The Eventech chronoscopes are part of the space technology tradition of this Baltic state, which dates back to Soviet times when Sputnik, the first artificial satellite to orbit the Earth, was launched in 1957.

They measure the time it takes for a pulse of light to reach and return to an orbiting object.

Eventech devices can record time measurements down to a picosecond, or one thousandth of a billionth of a second, allowing them to convert them into distance measurements with an accuracy of no more than two millimeters.

Chronoscopes for deep space

The Latvian laboratory produces around ten chronoscopes each year to equip observatories around the world.
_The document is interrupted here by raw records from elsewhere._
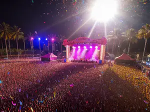 Adembenemende luchtfoto van een groots opgezet muziekfestival in tropische setting. Het imposante podium met roze lichtshow en decoratieve elementen wordt omringd door palmbomen. Een massale menigte festivalgangers geniet onder de sterrenhemel, terwijl kleurrijke confetti door de lucht dwarrelt. perfect voor promotie van evenementen en festivals.
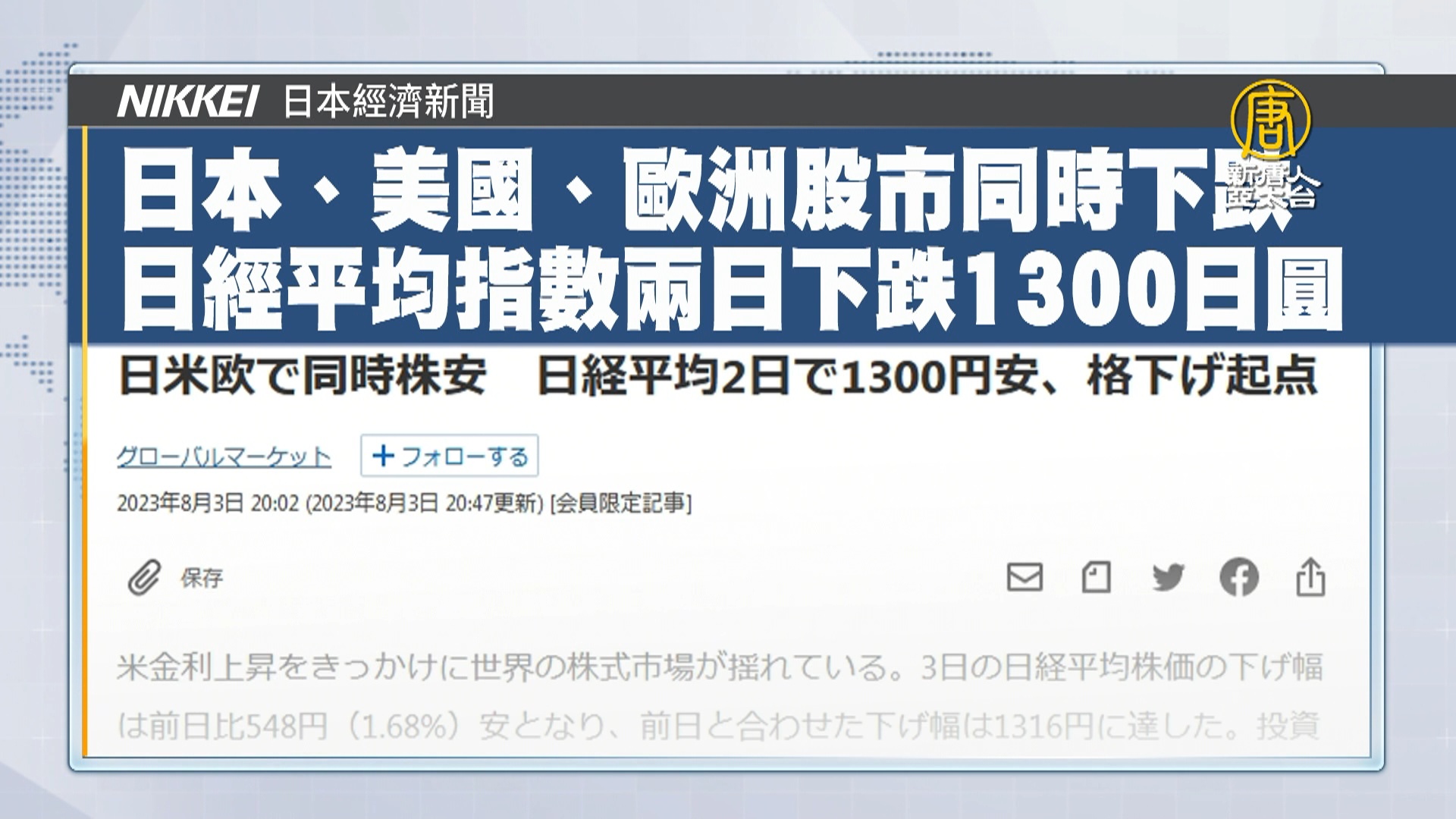來看到日本經濟新聞報導:日本、美國、歐洲股市同時下跌,日經平均指數兩日下跌1300日圓。
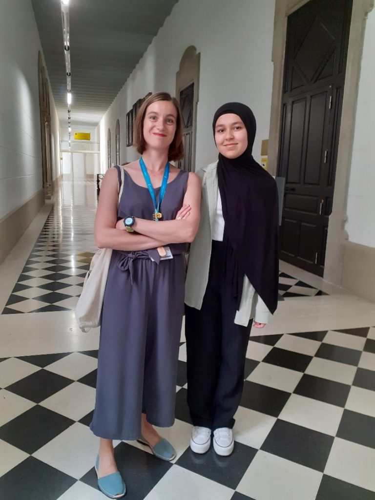 Student Hanaa Gharib (right) with Creatio researcher Alice Louail at the Faculty of Medicine and Health Sciences – University of Barcelona.
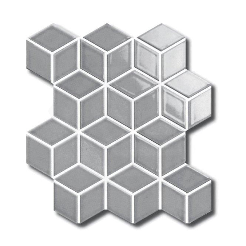Cottage Diamond Cube Mosaic Sheet Matt Grey 309x268mm Tile (83x48mm Cube Piece)
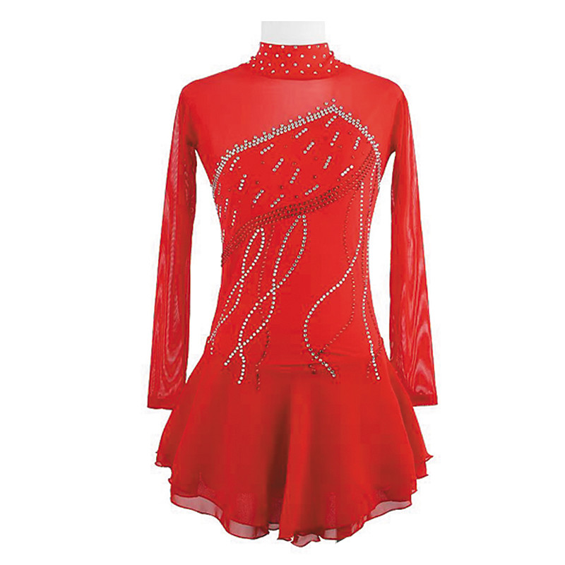 Eiskunstlaufkleid Damen Mädchen Eislaufen Kleid Rot Patchwork Daumenloch Netzstoff Spandex Dehnbar Training Übung Professionell Eiskunstlaufkleidung Thermowarm Kristall / Strass Langarm Eislaufen
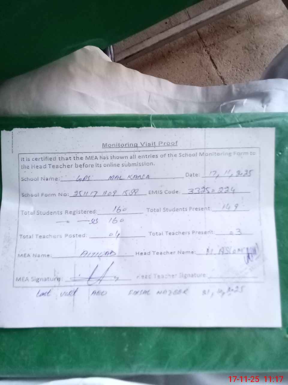 | EMIS Code: 33250224 | Name of School: GPS MALKANA | |||
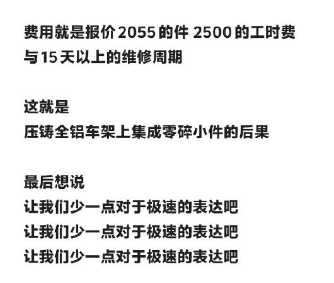 我们再把目光回到这次车架断裂的问题上,铝合金车架成本比钢管车架高这一点毋庸置疑,它最大的特点就是“轻”而且车架的一体性更强,但它的缺点则是“脆”维修成本高。反之,钢管车架虽然“重”但它更具韧性,维修成本也低。相信购买升仕150X的绝大部分车都未必会考虑到它的缺点,毕竟在优点面前缺点会变得更加渺小。根据事发车友提供的维修信息可以看到,这台新车维修报价包含:1️⃣2,055元的配件费用;2️⃣2,500元的工时费以及15天以上的维修周期。而且在事发车主的叙述中,认为这就是压铸全铝车架上集成零碎小件的后果。
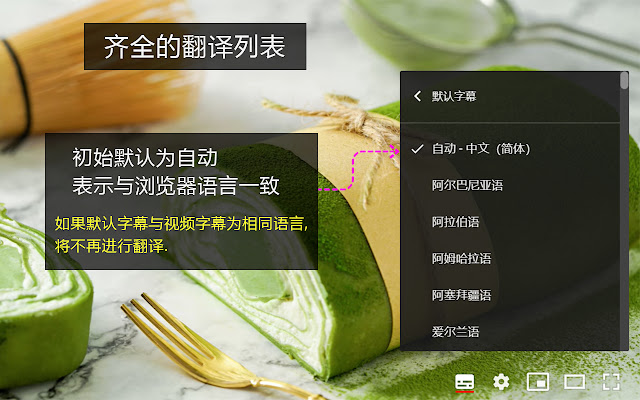 默认字幕的初始语言为浏览器语言。
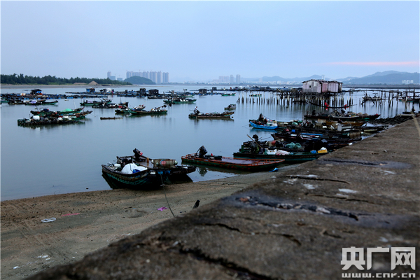 汕頭市濠江區(qū)漁民莊天攀:現(xiàn)在臺風(fēng)馬上到了,我要把漁排上的那些東西綁好、收好,還要加固那些錨和繩子。
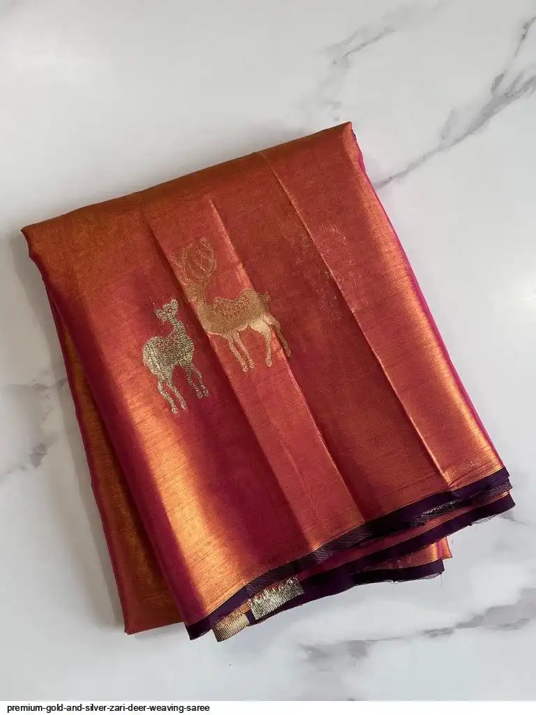 PREMIUM GOLD AND SILVER ZARI DEER WEAVING SAREE B
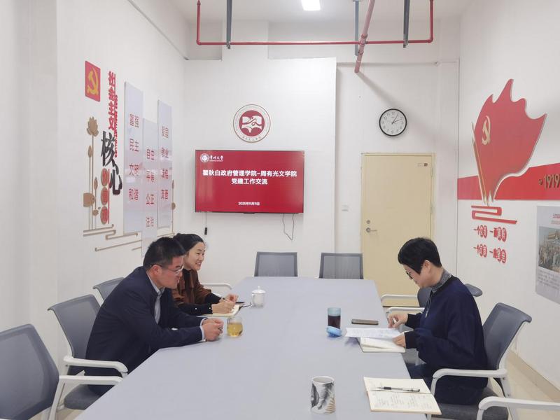 11月11日,瞿秋白政府管理黑料网 党委书记潘道广、组织员范露元一行来黑料网交流党建工作。黑料网 党委书记焦洁庆、组织员蒋莉莎参加交流会议。
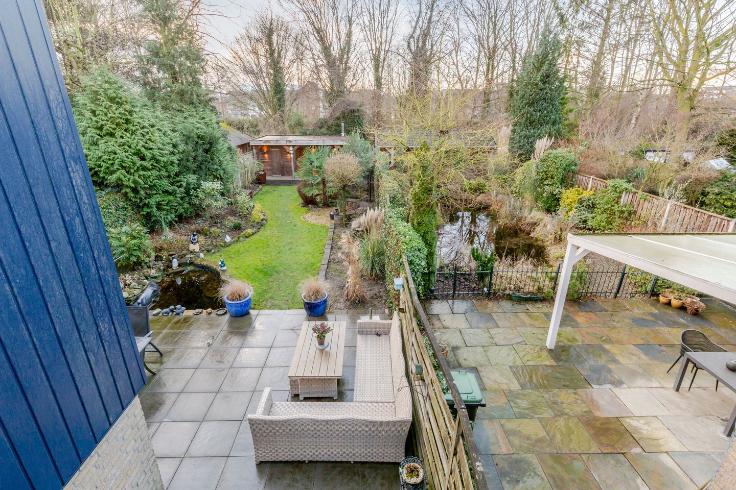 Tuin: De op het zuiden georiënteerde tuin heeft een afmeting van ongeveer 8 x maar liefst 25 meter diep, welke is voorzien van een ruim terras bij de woning. Naast een grote diversiteit aan beplanting is de tuin tevens voorzien van een vijver partij, maar bovendien van een fraaie overkapping (totaal circa 7,15 x 3,92 meter) met een extra berging en ruimte voor bijvoorbeeld uw haardhout aan het eind van de tuin alsmede diverse zitjes.
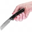 4.25" (10.8cm) closed. 3.25" (8.26cm) stonewash finish D2 tool steel cleaver style blade. Gray stonewash finish aluminum handle with black G10 inlay. Extended tang. Lanyard hole. Pocket clip. Boxed.

They allow us to observe the Earth’s atmosphere, increasingly congested by new waves of private satellites that are added to the traditional scientific and military devices.

“Following them all requires the right tools,” stresses Pavels Razmajevs, Eventech’s Chief Operating Officer.

Although Latvia did not become a full member of ESA until 2016, its engineers have been tracking satellites since the Soviet era.

The University of Latvia has its own laser telemetry station located in a forest south of Riga.

To make their devices, Eventech engineers use analog parts as much as possible because microchips take nanoseconds to evaluate the signal, too long for measurements calculated in picoseconds.

Even the physical length of the motherboard can affect the speed at which the signal travels from one circuit to another.

While chronoscopes are used to measure from Earth, a different device designed for distant missions in space is being developed in another corner of the lab, intended to track different interplanetary objects from a probe. moving space.

“There is no GPS coverage device on other planets, so you have to carry your own precision telemetry equipment,” Pulkstenis explained.

Developing devices for deep space is a very complex task, but that is what Eventech engineers appreciate the most.

“Our cutting-edge technology has to withstand extreme temperatures in space and cosmic radiation,” says Pulkstenis, but “it’s a nice challenge.”